RECORD EXCERPTS Start Marker

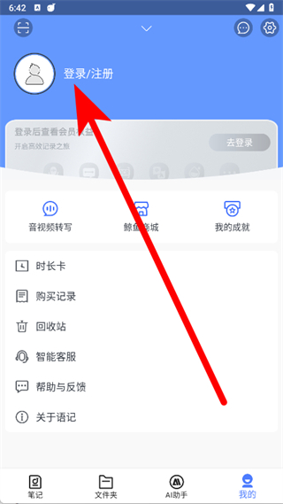 1、打開訊飛語記,點擊底部導航欄的我的。
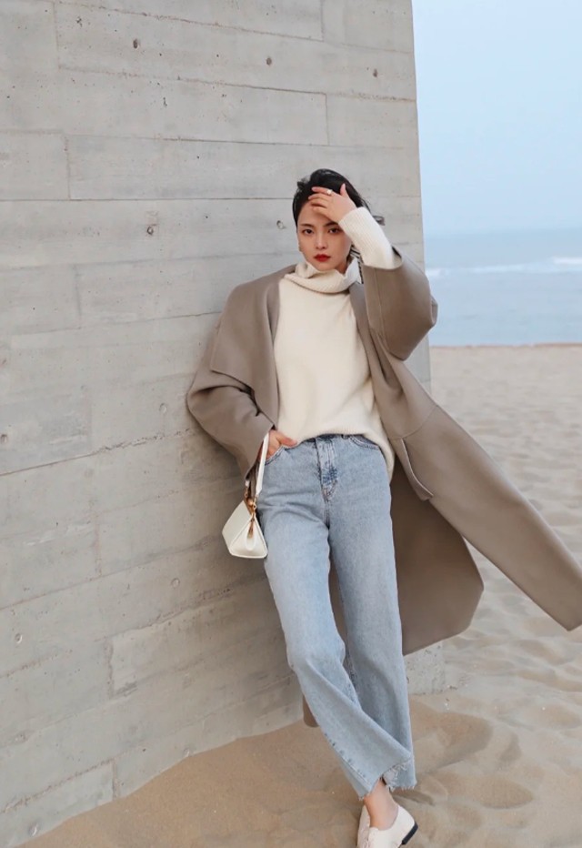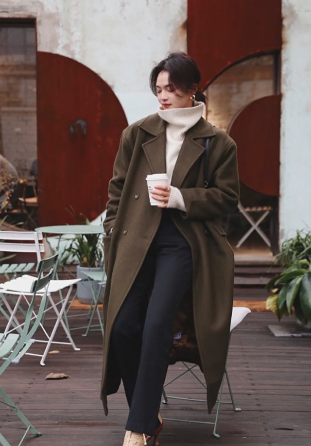 毛呢大衣不兴了,今年流行羊绒大衣,搭配这几条裤子超好看
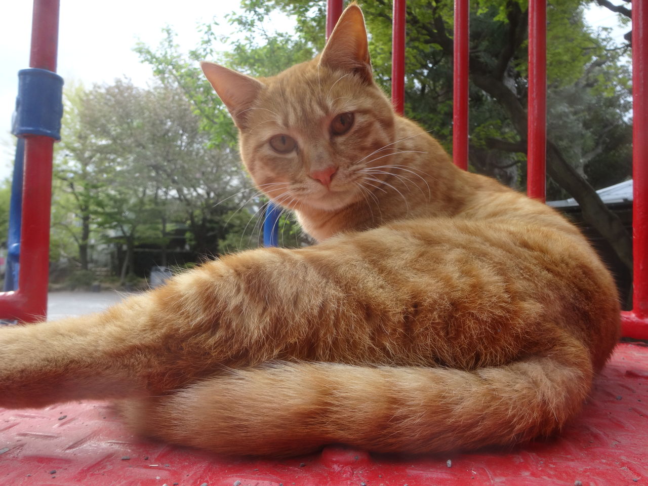 茶トラ3号が懐いてからは、遭遇してすぐはテンションが高いので、少し落ち着いてから距離を若干もって撮ってました。
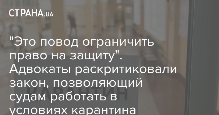 В адвокатском сообществе раскритиковали закон №3276, который позволяет регулирует работу судей во время карантина. По словам адвоката фирмы Credence Натальи Дрыгваль, он ограничивает право людей на защиту.
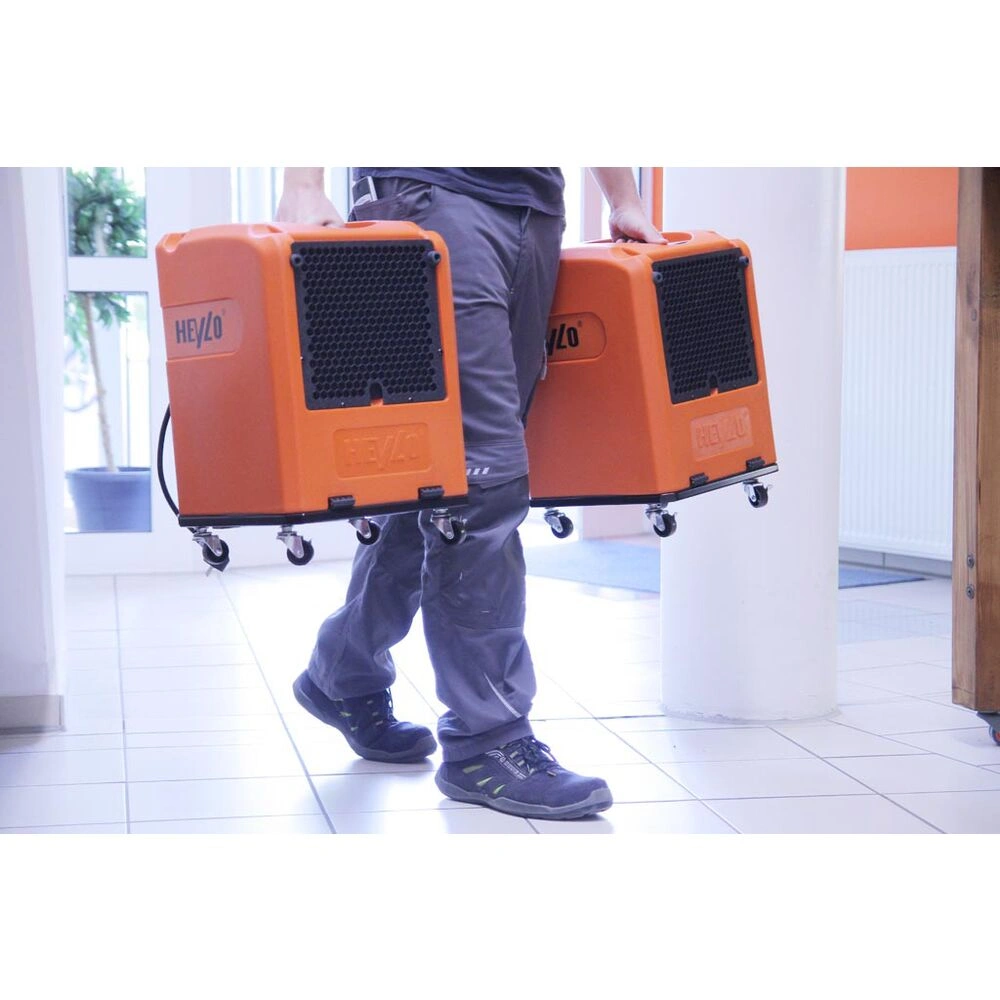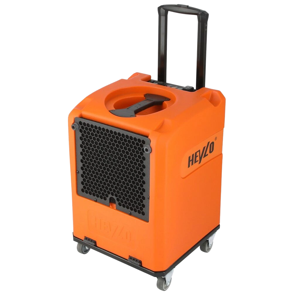 De lichte en compacte bouwdroger met geïntegreerde condensaatvoedingspomp is geschikt voor het drogen van vochtige ruimtes. Het zuigt de omgevingslucht aan en haalt het vocht eruit.
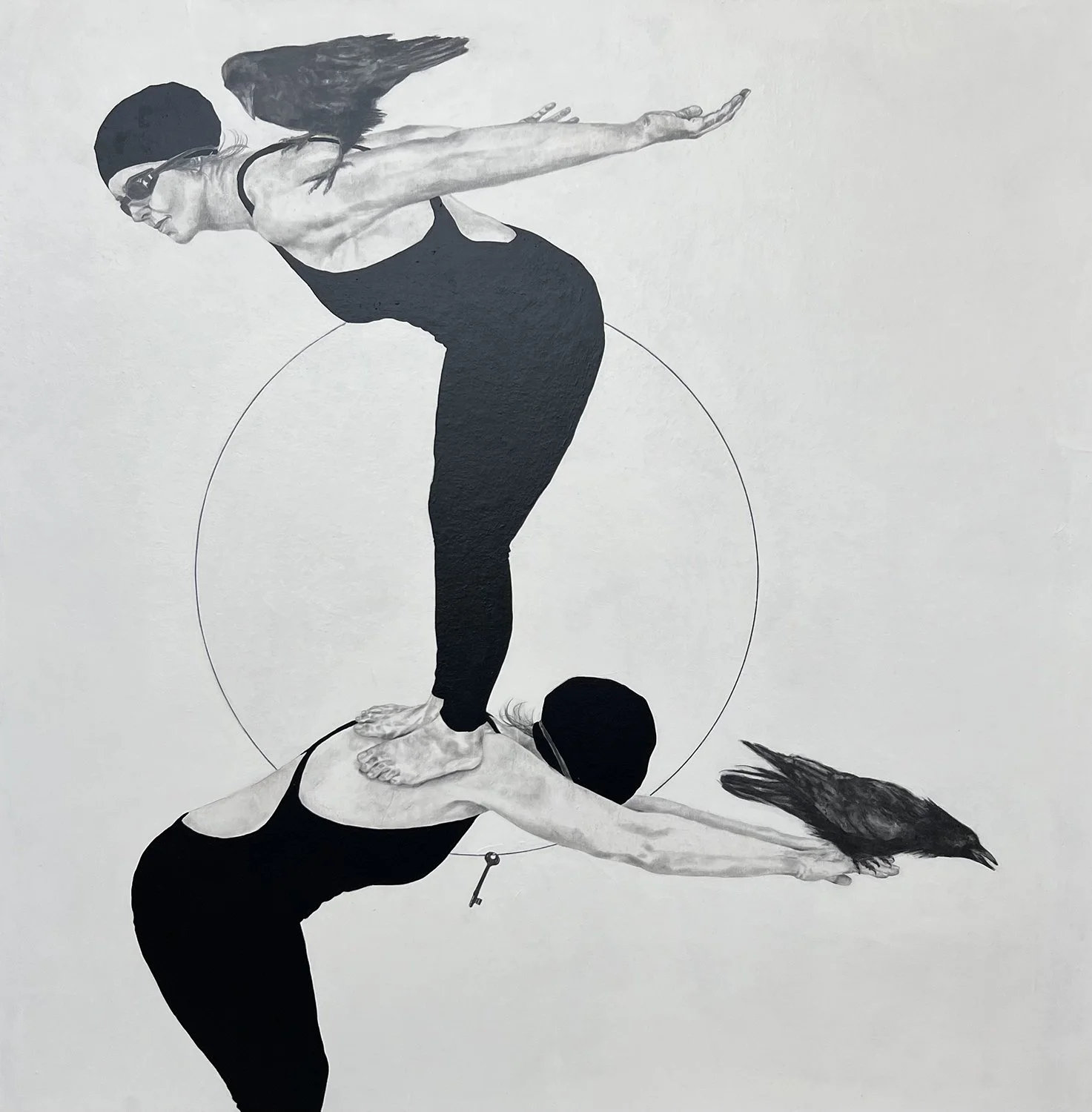 547-113 | Beverley Hawksley, Poised, mixed media on canvas, 12”x12.” SOLD.

RECORD EXCERPTS End Marker

WHAT YOU SHOULD DO:
Copy every record exactly, dropping the images.

REPLY:
 1、打開訊飛語記,點擊底部導航欄的我的。
 毛呢大衣不兴了,今年流行羊绒大衣,搭配这几条裤子超好看
 茶トラ3号が懐いてからは、遭遇してすぐはテンションが高いので、少し落ち着いてから距離を若干もって撮ってました。
 В адвокатском сообществе раскритиковали закон №3276, который позволяет регулирует работу судей во время карантина. По словам адвоката фирмы Credence Натальи Дрыгваль, он ограничивает право людей на защиту.
 De lichte en compacte bouwdroger met geïntegreerde condensaatvoedingspomp is geschikt voor het drogen van vochtige ruimtes. Het zuigt de omgevingslucht aan en haalt het vocht eruit.
 547-113 | Beverley Hawksley, Poised, mixed media on canvas, 12”x12.” SOLD.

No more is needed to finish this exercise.